Structurally, it adds a thin seam and a choice of storage. A graph-access behaviour lets each algorithm be written once and run over any conforming backend: the immutable, map-backed value backend graffeo_map (copyable, pattern-matchable, message-passable); an ETS-backed, process-owned handle backend graffeo_ets (mutable, implemented over the stdlib digraph); and a persistent, DETS-backed handle backend graffeo_dets (on disk, survives restarts); and a transactional, replicated handle backend graffeo_mnesia (Mnesia-backed — atomic multi-mutation and multi-node graphs). The design rationale lives in docs/architecture.md.

And it adds the graph-theoretic functions you end up hand-rolling on real projects — the ones neither digraph nor digraph_utils provide:

Function What it adds
dijkstra/2,3 Weighted shortest paths (Dijkstra), with a pluggable cost function
astar/3,4 Weighted shortest paths (A*), with a pluggable cost and an admissible heuristic
bfs/2,3 Breadth-first traversal with direction (out/in/both), an edge filter, and distances
degree/2 Combined in+out degree (the stdlib exposes only in_degree/out_degree)
degree_centrality/2 Normalised degree centrality
top_k_by_degree/2 The k most-connected vertices
source_vertices/1 Vertices with no incoming edges
sink_vertices/1 Vertices with no outgoing edges

graffeo also carries the entire digraph / digraph_utils surface — topological sort, (strongly) connected components, reachability, path and cycle queries, subgraph and condensation — over all four backends, each checked for exact parity with its stdlib counterpart and cross-tier parity between backends. "One algorithm layer, many backends" is enforced, not merely asserted.
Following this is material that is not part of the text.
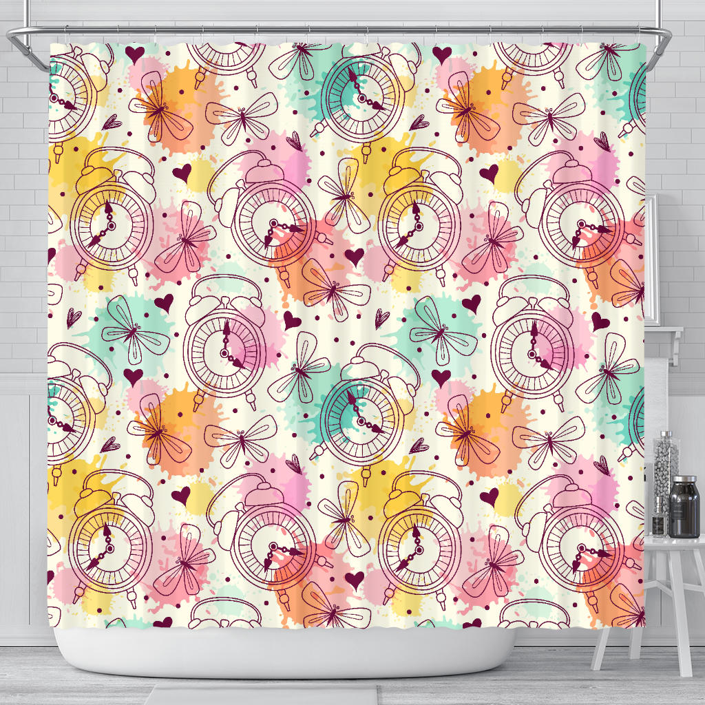 Clock Butterfly Pattern Shower Curtain Fulfilled In US

On the roadmap: minimum spanning trees, negative-weight shortest paths (Bellman-Ford), and multi-edge support — graffeo currently models simple directed graphs (at most one edge per ordered pair).

Usage

Both tiers share one algorithm layer: you build a graph one of two ways, then call the same graffeo:* functions over it.

Functional tier (map-backed value, the default)

%% Every build step returns a NEW graph; the original is untouched.
G0 = graffeo:new(),
G1 = graffeo:add_edge(G0, a, b, #{weight => 1}),
G2 = graffeo:add_edge(G1, b, c, #{weight => 2}),
G3 = graffeo:add_edge(G2, a, c, #{weight => 10}),
G  = graffeo:add_edge(G3, c, d, #{weight => 3}),

{ok, _Order}   = graffeo:topsort(G),       %% a valid topological order, e.g. [a, b, c, d]
{Dist, _Prev}  = graffeo:dijkstra(G, a),   %% #{a => 0, b => 1, c => 3, d => 6}
{ok, _Path, 6} = graffeo:astar(G, a, d),   %% weighted A*: cheapest a→d is a,b,c,d (6), not a,c,d (13)
3              = graffeo:degree(G, c),      %% in: a, b (2) + out: d (1)
[a, b, c, d]   = lists:sort(graffeo:reachable(G, [a])),  %% the digraph_utils family, on the same value
true           = graffeo:is_acyclic(G),
[{a, 0} | _]   = graffeo:bfs(G, a).         %% [{Vertex, Distance}], breadth-first from the source

Because the graph is a plain value, G0 still has zero edges after all of the above — nothing was mutated, and G can be pattern-matched or sent between processes like any other term.

Handle tier (graffeo_ets — ETS-backed, mutable)

%% A mutable handle, ETS-backed (over stdlib digraph) and owned by your process.
%% One value, one namespace: build, run algorithms, then clean up.
G = graffeo_ets:new(),
graffeo_ets:add_edge(G, a, b, #{weight => 1}),
graffeo_ets:add_edge(G, b, c, #{weight => 2}),
graffeo_ets:add_edge(G, a, c, #{weight => 10}),
graffeo_ets:add_edge(G, c, d, #{weight => 3}),

%% The SAME graffeo:* algorithm calls — no wrapping needed.
{ok, _Order}  = graffeo:topsort(G),
{Dist, _Prev} = graffeo:dijkstra(G, a),   %% #{a => 0, b => 1, c => 3, d => 6}

graffeo_ets:delete(G).   %% lifecycle stays in graffeo's namespace

If you already have a bare digraph handle, graffeo_ets:wrap/1 lifts it into the envelope so the algorithm layer works on it. unwrap/1 hands the bare handle back when you need raw digraph:* access.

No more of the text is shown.